• [EXERCISE] Every line below must come back exactly as it stands, with the images omitted.

• [INPUT DATA]
>>>>>

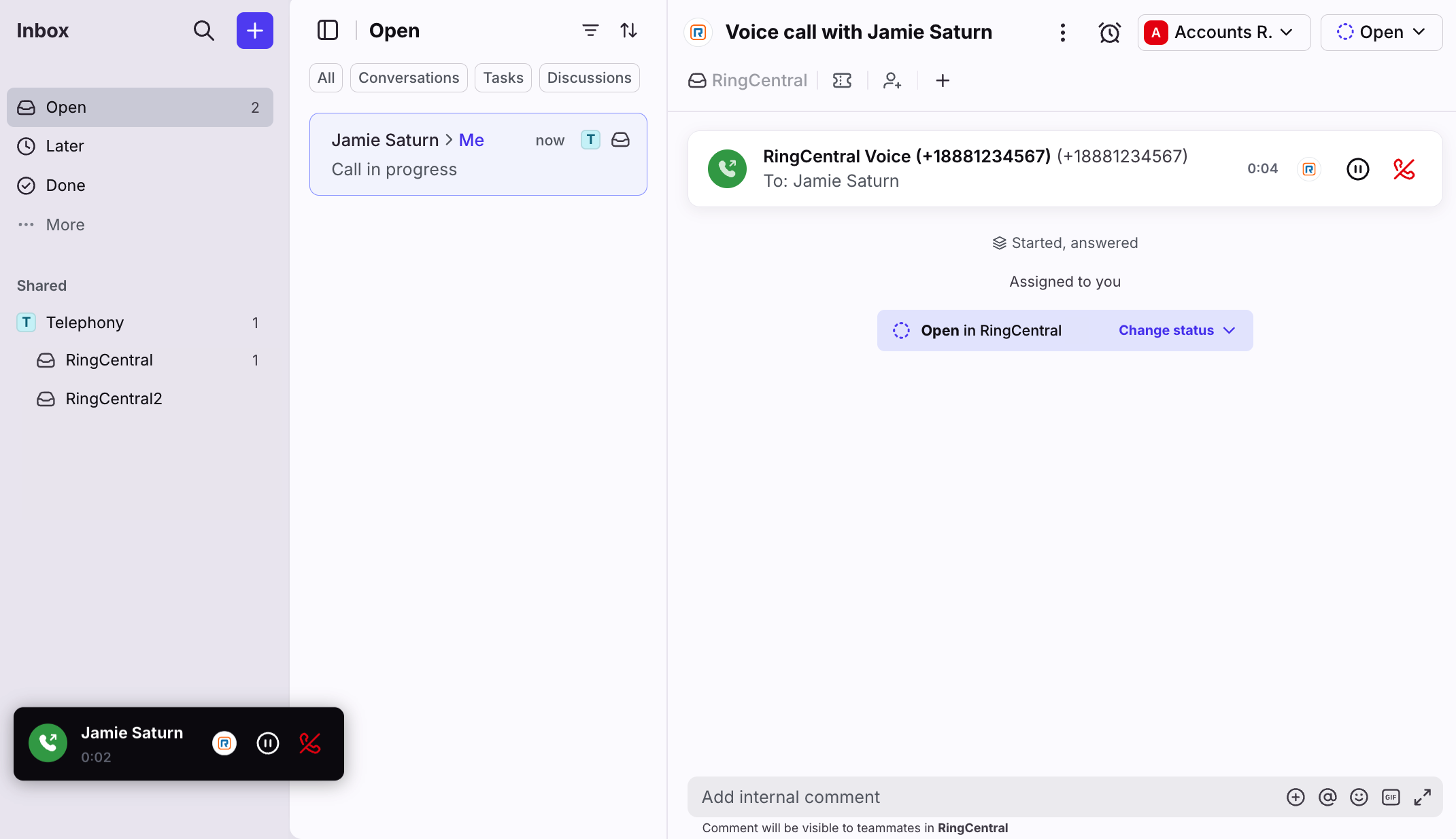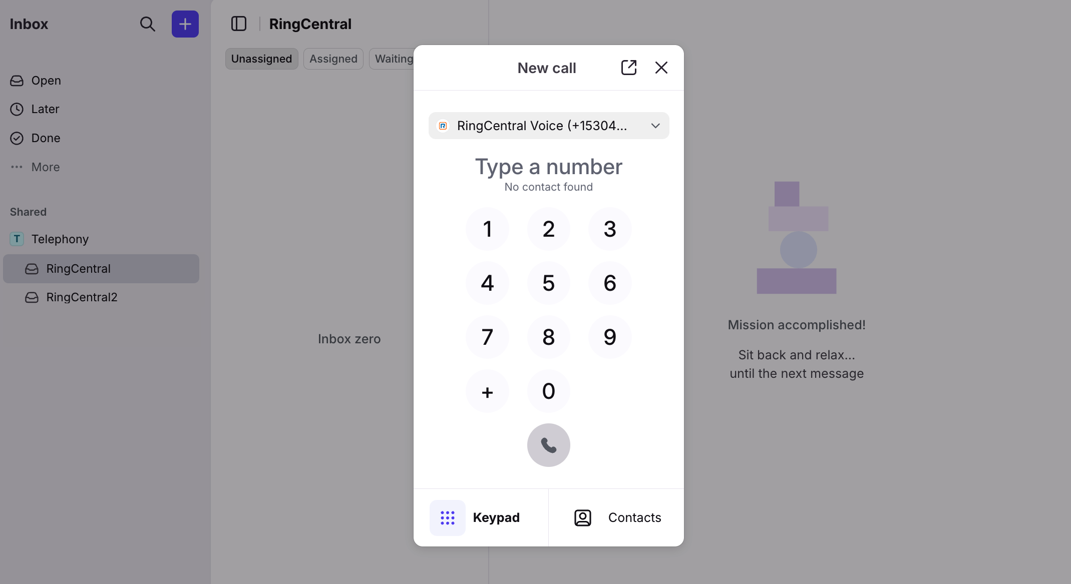 Once a Front admin has enabled the integration, agents can use RingCentral inside Front.
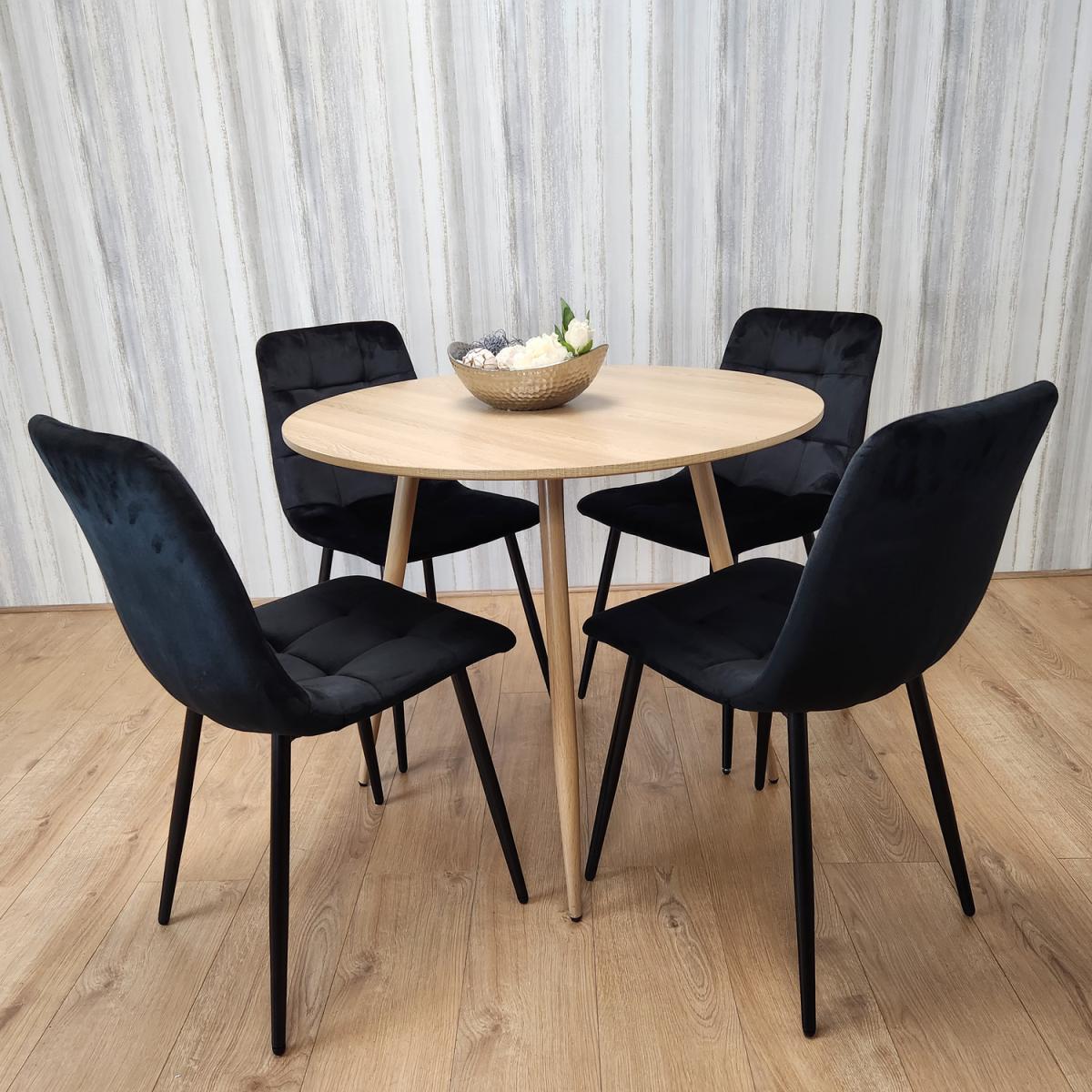 Modern round oak effect kitchen dining table and 4 black velvet tufted chairs. Transform your dining room or kitchen with this stunning modern table and chairs. The metal legs of the table are decoratively wrapped in a wood effect finish. A great addition to your dining room or kitchen that is both modern and eye-catching. This gorgeous table and chairs come in oak and black colour to compliment your dining room. A slightly curved shape is more comfortable to sit on and with lots of padding. Armless design to give a chic look and bring modern elegance to your home dining room. Flat packed, some home assembly is required, All our chairs meet fire resistance standards fast delivery to all UK. Dining Table Diameter : 90 x 90 x 75 cm(L x W x H), Chair Size: 44 x 59 x 87cm (LxWx. H).
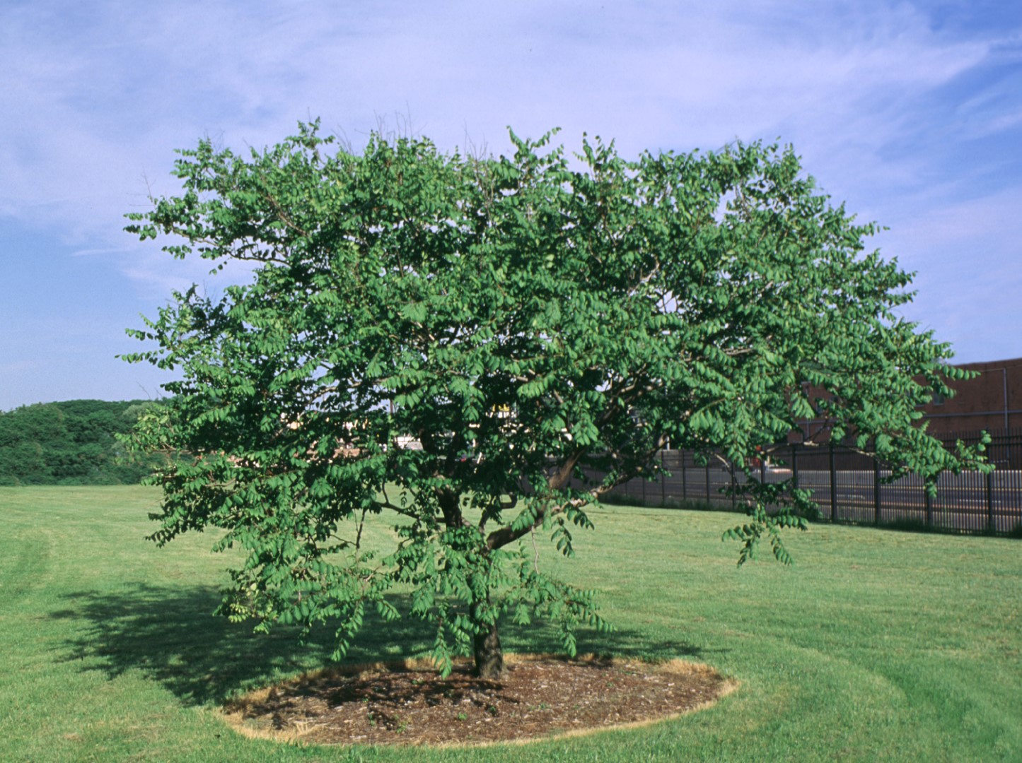 This American selection initially shows a slower growth rate than the species. The rounded crown grows steadily broader. Widely-spread branches bend downwards. The large, pinnate (sometimes doubly pinnate) leaves consist of 7 - 15 leaf segments. These are lobed, approx. 7 - 10 cm in length and have a serrated edge. The leaves are a bronze colour in the spring and turn yellow to orange in the autumn. The numerous small, yellow flowers are in terminal plumes approx. 30 cm long. The tree flowers 6 - 8 weeks later than the species and the flowers are often very numerous. The bladder-like fruit, approx 4.5 cm long, change colour from green to bronze and contain a few black seeds. The fruit remains on the tree for a long time. This tree prefers a sheltered site since young specimens can suffer frost damage, but recover well.

<<<<<

• [ANSWER SECTION]
 Once a Front admin has enabled the integration, agents can use RingCentral inside Front.
 Modern round oak effect kitchen dining table and 4 black velvet tufted chairs. Transform your dining room or kitchen with this stunning modern table and chairs. The metal legs of the table are decoratively wrapped in a wood effect finish. A great addition to your dining room or kitchen that is both modern and eye-catching. This gorgeous table and chairs come in oak and black colour to compliment your dining room. A slightly curved shape is more comfortable to sit on and with lots of padding. Armless design to give a chic look and bring modern elegance to your home dining room. Flat packed, some home assembly is required, All our chairs meet fire resistance standards fast delivery to all UK. Dining Table Diameter : 90 x 90 x 75 cm(L x W x H), Chair Size: 44 x 59 x 87cm (LxWx. H).
 This American selection initially shows a slower growth rate than the species. The rounded crown grows steadily broader. Widely-spread branches bend downwards. The large, pinnate (sometimes doubly pinnate) leaves consist of 7 - 15 leaf segments. These are lobed, approx. 7 - 10 cm in length and have a serrated edge. The leaves are a bronze colour in the spring and turn yellow to orange in the autumn. The numerous small, yellow flowers are in terminal plumes approx. 30 cm long. The tree flowers 6 - 8 weeks later than the species and the flowers are often very numerous. The bladder-like fruit, approx 4.5 cm long, change colour from green to bronze and contain a few black seeds. The fruit remains on the tree for a long time. This tree prefers a sheltered site since young specimens can suffer frost damage, but recover well.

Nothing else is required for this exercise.